At any given time, the team handles 25 to 30 projects with clients spanning different industries and with quite different requirements. And, they rely on Float to know what needs to happen for every project, including due dates and team members working on it.

They couldn’t get a big-picture view of all their projects

Every project the STORM+SHELTER team takes on is unique. A typical day could include digging through Twitter mentions of a client to get ideas for a campaign or animating a series of social posts to light up a client’s feed. Or, it might be an intimate conversation with an artist in their home.

Because each task takes a different time per project, avoiding overservicing or underservicing clients came down to accurate time logging and capacity planning.

This meant Nick Patterson, the Co-CEO of STORM+SHELTER, and his team were always on the hunt for the right tools that could scale with them.

Nick Patterson
Nick Patterson is the Co-CEO of STORM+SHELTER

After using Slack, Google Calendar, and Trello in the early days, the team thought they had found the perfect duo when they switched to an Asana and Everhour combo to track time and manage projects.

But then, the cracks started to appear.

It was really difficult for us to get a big picture, look at how busy we were, who was being scheduled on what, especially if multiple tasks were going on in one day.

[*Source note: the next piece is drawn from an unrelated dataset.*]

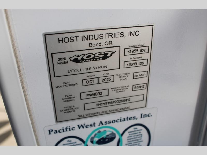 New 2026 Host Industries Host Campers Yukon 11.6 Truck Camper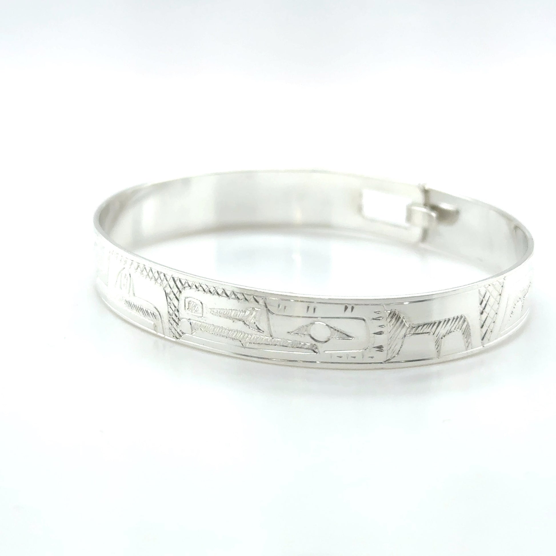 Hand-carved and crafted sterling silver bangle by Gilbert Pat.

The diary view in Asana couldn’t give us a good idea of what was happening.

STORM+SHELTER replaces two different tools with Float

The STORM+SHELTER team found Float while looking for scheduling management systems and then started using it along with Asana and Everhour.

They couldn’t let go of Asana just yet because they relied on it to log their team’s time.

“We realized over time that we looked into Float to see what we had to do and went into Asana to just press start tracking every hour.”

But using the trio of tools complicated their work instead of making it easier.

“We really liked the way Float looked and worked, but working alongside Asana was just a duplication of effort because they wouldn't speak to one another properly. If I scheduled someone for that project on Tuesday, it wouldn't change in Asana to show this person was working on Tuesday. I had to do that twice. So we had to ask: what do we prefer? What's actually making more sense for how we run things and how we schedule stuff?”

While the team was asking these questions, Float rolled out a new feature: an in-app timer that let them log time as they worked.

It was an easy choice. The team decided to sunset Asana and Everhour and stick to just Float for both capacity planning and time tracking.

“If a timer is coming into Float, then actually, we don't need Asana because no one was really using it to look at what they were doing that day.”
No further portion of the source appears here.